El ladrón de cadáveres (Flash Relatos)

Robert Louis Stevenson

Fragmento

EL LADRON DE CADAVERES

Todas las noches del año, los cuatro nos sentábamos en el saloncito de la taberna George de Debenham: el empresario de pompas fúnebres, el dueño, Fettes y yo. A veces había alguno más, pero soplara viento o no, lloviera, nevara o cayera una helada, nosotros cuatro nos arrellanábamos en nuestros sillones respectivos. Fettes era un viejo escocés aficionado a la bebida, un hombre culto y, sin duda, de posibles, pues vivía sin necesidad de trabajar. Había llegado a Debenham hacía muchos años, cuando todavía era joven, y por el mero hecho de seguir viviendo allí había llegado a convertirse en ciudadano de adopción. Su manto azul de camelote era una antigüedad local, como el campanario de la iglesia. Su sitio fijo en el salón de la taberna, su falta de asistencia a la iglesia y sus viejos vicios libertinos y vergonzosos eran de todos conocidos en Debenham. Sostenía algunas vagas opiniones radicales y un efímero escepticismo religioso que sacaba a relucir de vez en cuando y subrayaba con vacilantes manotazos en la mesa. Bebía ron: por lo general, cinco copas cada noche, y pasaba la mayor parte de sus visitas nocturnas a la taberna con un vaso en la mano derecha y sumido en un melancólico estado de saturación alcohólica. Lo llamábamos el médico, porque se decía que tenía conocimientos de medicina y se sabía que, en caso de apuro, era capaz de entablillar una fractura o reducir una luxación, pero, aparte de esos escasos detalles, no sabíamos nada de su personalidad o antecedentes.

Una negra noche de invierno —habían dado las nueve poco antes de que el dueño se reuniera con nosotros— llevaron a un enfermo a la taberna, un gran terrateniente de la comarca había sufrido una apoplejía mientras iba camino del Parlamento y habían telegrafiado a un famoso médico londinense para que acudiese a la cabecera del gran hombre. Era la primera vez que ocurría algo semejante en Debenham, pues hacía muy poco que habían inaugurado la línea de ferrocarril y a todos nos conmovió mucho el incidente.

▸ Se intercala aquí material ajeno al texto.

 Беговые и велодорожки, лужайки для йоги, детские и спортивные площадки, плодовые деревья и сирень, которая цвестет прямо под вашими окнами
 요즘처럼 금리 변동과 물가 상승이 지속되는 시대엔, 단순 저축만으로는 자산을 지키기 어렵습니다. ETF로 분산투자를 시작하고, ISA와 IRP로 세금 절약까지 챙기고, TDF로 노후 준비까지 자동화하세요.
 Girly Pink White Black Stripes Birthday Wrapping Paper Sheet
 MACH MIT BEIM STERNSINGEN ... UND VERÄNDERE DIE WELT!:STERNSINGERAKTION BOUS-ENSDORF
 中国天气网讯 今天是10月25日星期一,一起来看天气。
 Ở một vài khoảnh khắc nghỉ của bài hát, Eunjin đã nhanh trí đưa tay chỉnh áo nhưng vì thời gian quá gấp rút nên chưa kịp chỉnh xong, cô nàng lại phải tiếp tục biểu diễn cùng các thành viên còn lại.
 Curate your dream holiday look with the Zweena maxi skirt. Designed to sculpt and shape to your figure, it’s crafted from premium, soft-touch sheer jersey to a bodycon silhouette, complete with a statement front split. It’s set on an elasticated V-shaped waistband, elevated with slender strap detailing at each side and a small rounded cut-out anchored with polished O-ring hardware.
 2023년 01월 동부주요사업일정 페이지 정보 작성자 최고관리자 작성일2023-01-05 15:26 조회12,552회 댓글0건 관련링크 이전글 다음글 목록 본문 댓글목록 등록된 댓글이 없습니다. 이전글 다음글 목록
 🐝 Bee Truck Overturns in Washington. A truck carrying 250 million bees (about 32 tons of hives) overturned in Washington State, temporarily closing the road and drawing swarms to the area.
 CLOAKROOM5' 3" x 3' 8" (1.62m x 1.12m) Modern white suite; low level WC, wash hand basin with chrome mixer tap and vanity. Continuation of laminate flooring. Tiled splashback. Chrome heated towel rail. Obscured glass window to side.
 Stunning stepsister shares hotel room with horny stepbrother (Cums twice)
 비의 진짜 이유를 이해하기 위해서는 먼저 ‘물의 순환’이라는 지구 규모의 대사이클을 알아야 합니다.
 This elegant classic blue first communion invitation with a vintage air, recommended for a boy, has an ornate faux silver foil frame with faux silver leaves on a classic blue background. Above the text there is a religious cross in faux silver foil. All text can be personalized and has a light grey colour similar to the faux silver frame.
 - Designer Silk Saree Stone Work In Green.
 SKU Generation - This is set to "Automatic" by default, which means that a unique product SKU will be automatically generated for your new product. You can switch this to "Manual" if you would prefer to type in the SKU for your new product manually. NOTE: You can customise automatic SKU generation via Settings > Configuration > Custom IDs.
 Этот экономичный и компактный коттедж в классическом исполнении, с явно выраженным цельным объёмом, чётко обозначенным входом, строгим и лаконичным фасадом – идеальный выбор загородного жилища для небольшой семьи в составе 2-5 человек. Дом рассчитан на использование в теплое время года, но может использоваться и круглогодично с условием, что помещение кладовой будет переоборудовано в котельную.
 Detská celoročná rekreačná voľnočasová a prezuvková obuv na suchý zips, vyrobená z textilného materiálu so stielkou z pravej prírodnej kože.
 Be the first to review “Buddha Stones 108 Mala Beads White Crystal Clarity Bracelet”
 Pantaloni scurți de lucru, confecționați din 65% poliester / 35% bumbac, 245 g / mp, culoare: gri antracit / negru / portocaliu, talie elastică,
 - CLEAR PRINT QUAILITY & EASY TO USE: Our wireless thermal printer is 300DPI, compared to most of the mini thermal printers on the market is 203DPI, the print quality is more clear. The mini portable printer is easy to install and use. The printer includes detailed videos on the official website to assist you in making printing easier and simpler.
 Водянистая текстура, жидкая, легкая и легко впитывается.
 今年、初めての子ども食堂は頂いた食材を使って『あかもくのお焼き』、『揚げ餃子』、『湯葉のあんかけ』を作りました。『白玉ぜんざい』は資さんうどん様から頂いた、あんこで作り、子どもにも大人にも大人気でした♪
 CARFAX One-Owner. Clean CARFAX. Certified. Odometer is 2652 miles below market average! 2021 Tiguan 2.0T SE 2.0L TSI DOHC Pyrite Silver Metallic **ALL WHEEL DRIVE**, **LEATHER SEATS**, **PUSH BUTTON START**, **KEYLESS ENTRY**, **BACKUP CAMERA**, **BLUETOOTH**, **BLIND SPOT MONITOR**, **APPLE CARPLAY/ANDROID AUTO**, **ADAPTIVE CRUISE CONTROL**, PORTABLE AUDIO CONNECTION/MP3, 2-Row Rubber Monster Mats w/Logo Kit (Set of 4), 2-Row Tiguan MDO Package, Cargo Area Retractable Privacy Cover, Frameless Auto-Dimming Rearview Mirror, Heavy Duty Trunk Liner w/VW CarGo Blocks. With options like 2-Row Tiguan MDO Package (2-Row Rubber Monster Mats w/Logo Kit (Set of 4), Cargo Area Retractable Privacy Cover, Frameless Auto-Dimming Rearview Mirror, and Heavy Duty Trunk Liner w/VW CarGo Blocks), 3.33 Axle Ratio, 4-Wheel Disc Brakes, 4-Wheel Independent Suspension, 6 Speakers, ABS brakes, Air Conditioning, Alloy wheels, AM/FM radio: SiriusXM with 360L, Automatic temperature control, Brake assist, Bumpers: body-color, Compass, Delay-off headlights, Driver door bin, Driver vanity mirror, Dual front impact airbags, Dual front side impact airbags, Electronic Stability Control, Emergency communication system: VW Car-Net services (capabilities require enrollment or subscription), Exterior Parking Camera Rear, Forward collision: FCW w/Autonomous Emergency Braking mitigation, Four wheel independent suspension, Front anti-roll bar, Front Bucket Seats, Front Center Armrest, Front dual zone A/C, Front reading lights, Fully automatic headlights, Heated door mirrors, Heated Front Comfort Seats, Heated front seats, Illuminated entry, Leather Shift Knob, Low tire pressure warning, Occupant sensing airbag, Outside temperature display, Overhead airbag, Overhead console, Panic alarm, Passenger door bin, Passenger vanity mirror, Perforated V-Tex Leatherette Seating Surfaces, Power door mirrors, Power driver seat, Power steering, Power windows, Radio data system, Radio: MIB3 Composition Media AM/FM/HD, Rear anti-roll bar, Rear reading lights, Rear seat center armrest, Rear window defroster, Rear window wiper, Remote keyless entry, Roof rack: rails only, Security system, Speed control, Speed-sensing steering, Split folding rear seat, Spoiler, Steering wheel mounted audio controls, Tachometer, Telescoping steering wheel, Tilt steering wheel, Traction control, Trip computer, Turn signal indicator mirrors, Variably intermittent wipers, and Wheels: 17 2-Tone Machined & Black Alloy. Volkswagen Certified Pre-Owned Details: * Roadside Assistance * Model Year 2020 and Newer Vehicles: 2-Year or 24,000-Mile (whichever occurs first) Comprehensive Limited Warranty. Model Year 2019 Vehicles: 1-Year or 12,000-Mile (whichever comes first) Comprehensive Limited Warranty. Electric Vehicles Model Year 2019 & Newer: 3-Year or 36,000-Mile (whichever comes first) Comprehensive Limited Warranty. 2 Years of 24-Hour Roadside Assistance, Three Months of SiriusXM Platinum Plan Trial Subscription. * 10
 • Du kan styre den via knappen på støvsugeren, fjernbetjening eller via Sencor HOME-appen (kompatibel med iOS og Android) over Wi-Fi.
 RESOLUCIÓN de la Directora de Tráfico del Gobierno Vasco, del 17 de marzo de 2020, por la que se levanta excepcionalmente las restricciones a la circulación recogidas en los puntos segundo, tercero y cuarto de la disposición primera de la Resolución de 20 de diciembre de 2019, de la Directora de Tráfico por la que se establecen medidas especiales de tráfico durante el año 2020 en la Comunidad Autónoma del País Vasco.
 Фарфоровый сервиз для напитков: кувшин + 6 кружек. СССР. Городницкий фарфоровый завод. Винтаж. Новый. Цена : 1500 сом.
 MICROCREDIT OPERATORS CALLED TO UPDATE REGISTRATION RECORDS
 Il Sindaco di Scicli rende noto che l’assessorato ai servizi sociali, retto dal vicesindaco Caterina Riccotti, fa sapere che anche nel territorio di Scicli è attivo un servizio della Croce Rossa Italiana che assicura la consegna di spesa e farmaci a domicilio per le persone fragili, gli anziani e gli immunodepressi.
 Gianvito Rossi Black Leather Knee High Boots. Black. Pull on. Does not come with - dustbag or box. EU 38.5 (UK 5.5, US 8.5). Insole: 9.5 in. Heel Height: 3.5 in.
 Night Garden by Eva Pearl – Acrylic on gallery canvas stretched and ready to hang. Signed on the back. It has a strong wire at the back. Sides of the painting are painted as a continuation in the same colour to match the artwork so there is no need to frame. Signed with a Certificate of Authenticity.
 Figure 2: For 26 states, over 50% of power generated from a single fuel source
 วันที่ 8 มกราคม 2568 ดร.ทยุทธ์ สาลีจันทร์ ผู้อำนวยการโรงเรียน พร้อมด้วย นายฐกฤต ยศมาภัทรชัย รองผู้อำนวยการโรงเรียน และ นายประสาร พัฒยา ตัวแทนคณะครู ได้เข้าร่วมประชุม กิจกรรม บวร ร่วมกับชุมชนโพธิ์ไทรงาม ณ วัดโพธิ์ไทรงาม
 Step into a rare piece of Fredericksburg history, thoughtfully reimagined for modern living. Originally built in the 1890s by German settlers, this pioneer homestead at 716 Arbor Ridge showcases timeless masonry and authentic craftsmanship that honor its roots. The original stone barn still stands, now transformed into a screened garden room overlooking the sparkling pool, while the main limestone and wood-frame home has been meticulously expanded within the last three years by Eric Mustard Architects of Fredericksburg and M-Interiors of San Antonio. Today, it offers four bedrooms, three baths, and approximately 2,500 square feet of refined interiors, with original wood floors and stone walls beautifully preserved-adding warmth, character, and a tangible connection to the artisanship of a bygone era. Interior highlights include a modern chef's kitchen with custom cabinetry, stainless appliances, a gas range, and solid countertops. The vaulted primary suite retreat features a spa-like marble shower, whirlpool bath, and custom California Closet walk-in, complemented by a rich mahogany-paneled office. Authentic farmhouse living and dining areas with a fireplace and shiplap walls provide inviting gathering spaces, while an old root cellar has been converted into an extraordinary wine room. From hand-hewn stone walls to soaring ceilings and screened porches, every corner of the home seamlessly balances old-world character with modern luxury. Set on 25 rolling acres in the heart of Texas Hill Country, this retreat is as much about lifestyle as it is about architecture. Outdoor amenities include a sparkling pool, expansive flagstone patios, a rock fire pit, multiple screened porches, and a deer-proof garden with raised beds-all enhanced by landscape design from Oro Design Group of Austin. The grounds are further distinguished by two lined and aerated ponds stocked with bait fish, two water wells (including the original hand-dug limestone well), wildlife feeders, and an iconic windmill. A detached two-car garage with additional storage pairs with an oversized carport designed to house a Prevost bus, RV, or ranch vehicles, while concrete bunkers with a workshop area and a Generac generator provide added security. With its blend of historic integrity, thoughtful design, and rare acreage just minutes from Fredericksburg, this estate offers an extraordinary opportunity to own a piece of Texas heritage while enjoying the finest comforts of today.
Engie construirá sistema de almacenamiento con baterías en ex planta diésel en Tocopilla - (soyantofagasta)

—Ya ha llegado —dijo el dueño después de llenar y encender la pipa.

—¿Que ha llegado? —pregunté—. ¿Quién…? ¿No será el médico?

—El mismo —replicó nuestro anfitrión.

—¿Cómo se llama?

—Doctor Macfarlane —dijo el dueño.

Fettes iba ya por su tercer vaso y estaba tan sumido en el estupor de la borrachera que lo mismo asentía con la cabeza que miraba perplejo a su alrededor, pero al oír aquellas palabras dio la impresión de despertar y repitió el nombre «Macfarlane» un par de veces, en voz baja al principio y con súbita emoción la segunda vez.

—Sí —dijo el dueño—, así se llama, doctor Wolfe Macfarlane.

Fettes se serenó en el acto, sus ojos parecieron despertar, su voz se volvió clara, fuerte y firme, y habló con energía y seriedad. A todos nos sorprendió aquella transformación, como si alguien hubiese resucitado de entre los muertos.

—Le ruego que me disculpe —dijo—, me temo que no estaba siguiendo la conversación. ¿Quién es ese Wolfe Macfarlane? —Y, después de oír las explicaciones del dueño, exclamó—: Es imposible, no puede ser, y, sin embargo, quisiera verle la cara.

—¿Lo conoce usted, doctor? —preguntó boquiabierto el empresario de pompas fúnebres.

—¡No lo quiera Dios! —replicó el otro—. No obstante, es un nombre poco corriente y sería mucha coincidencia que hubiese dos. Dígame, ¿es viejo?

—Bueno —dijo el dueño—, desde luego no es joven, y tiene el cabello cano, pero parece más joven que usted.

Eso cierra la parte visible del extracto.